- Oui. Le risque d'infection dans les écoles existe, mais pour chaque scénario possible il y a une décision

Le président du Conseil de conseil de l'Anti-COVIID-19, Lul Raka, a parlé de la situation pandémique au Kosovo, de la deuxième vague de lutte contre la pandémie, de l'ouverture de théâtres et de cinémas et de l'ouverture d'écoles en République du Kosovo dans des conditions pandémiques. Raka a déclaré que l'ouverture des écoles a été [...]
Raka a déclaré que l'ouverture d'écoles a été l'un des points prioritaires de cette période de lutte contre la pandémie, la plaçant dans la catégorie des services essentiels, à savoir la santé, la police et l'approvisionnement alimentaire.
Pendant ce temps, des protocoles de redémarrage de l'apprentissage ont été élaborés, comme Raka a dit que tout scénario possible est sur la table.
Il y a plus de 10 arguments pour rouvrir les écoles. Chacun a sa part de responsabilité. La partie opérationnelle se trouve dans la municipalité. La décision normale du gouvernement, en coopération même en consultation depuis le début, a été prise avec les municipalités. Bien entendu, le principe a été de mettre en œuvre des mesures préventives. S'il avait 40 élèves dans une classe, il n'enseignerait pas 40 élèves. Il y aura des nombres réduits, des protocoles ont été rédigés, ils sont disponibles récemment. Chaque scénario est sur la table, maintenant la partie mise en œuvre rendra les municipalités même les écoles, les enseignants, les étudiants et les parents ensemble”, Raka a dit d'un média Kosovo.
Raka a déclaré que malgré les mesures prises, le risque d'infection dans les écoles existe, mais malgré cela, la décision est prise dans chaque scénario possible.
“S'il y a un cas où une école n'est pas bien préparée, pas du tout pour commencer, mais seulement à cette école pour prendre des dispositions, pas pour fermer le Kosovo, pas toutes les écoles”, a dit Raka.

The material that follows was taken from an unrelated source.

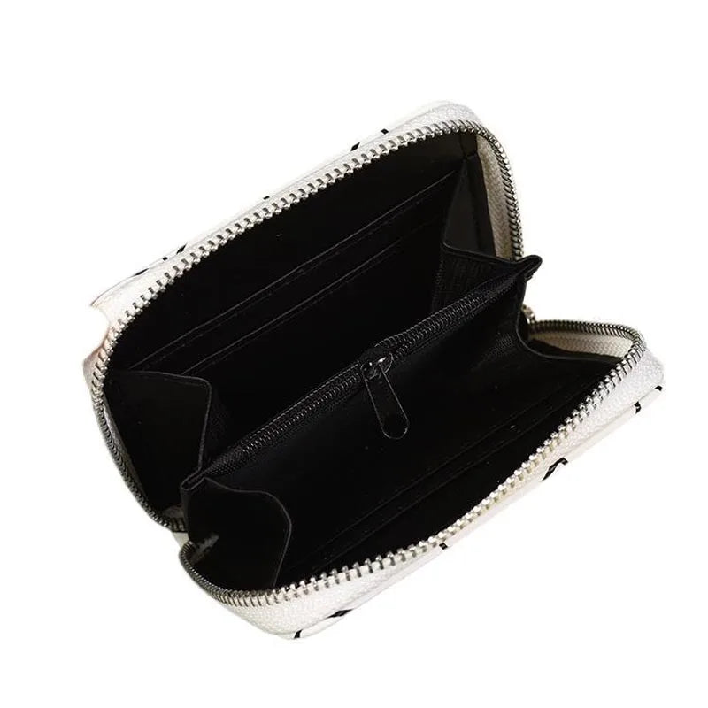 Stylish and practical wallet with a wrist strap, perfect for carrying your essentials. Features a zipper closure and diamond design.
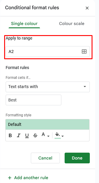 - Εάν θέλετε να εφαρμόσετε τη μορφοποίηση υπό όρους σε πολλαπλά κύτταρα που περιέχουν την ίδια λέξη, θα πρέπει να εισαγάγετε το εύρος στο οποίο θα εφαρμοστεί η μορφοποίηση. Κάντε κλικ στοΕφαρμόστε στο εύροςκουτί.

L'infectologue Raca a également mentionné deux éléments indésirables, soit le grand nombre de cas d'infection et s'il n'y a pas suffisamment de tests dans la communauté.
Nous avons eu beaucoup de nombres depuis le début du mois d'août, et à la fin de juillet, si nous avions ces nombres aujourd'hui, il n'y avait pas de route scolaire, parce qu'il y avait plus de 10 cas. Mais avec le déclin, le danger existe, mais si tout le monde fait sa part de responsabilité, même si les élèves et les enseignants ainsi que nous en tant que peuple, parce que ces enfants de la maison vont à l'école parce que 80% des infections sont ramenées à la maison. Et cela accroît la responsabilité des jeunes, qui ont beaucoup augmenté au cours des deux derniers mois à travers le monde, et qui devraient être conscients de protéger les autres”, a déclaré Raka.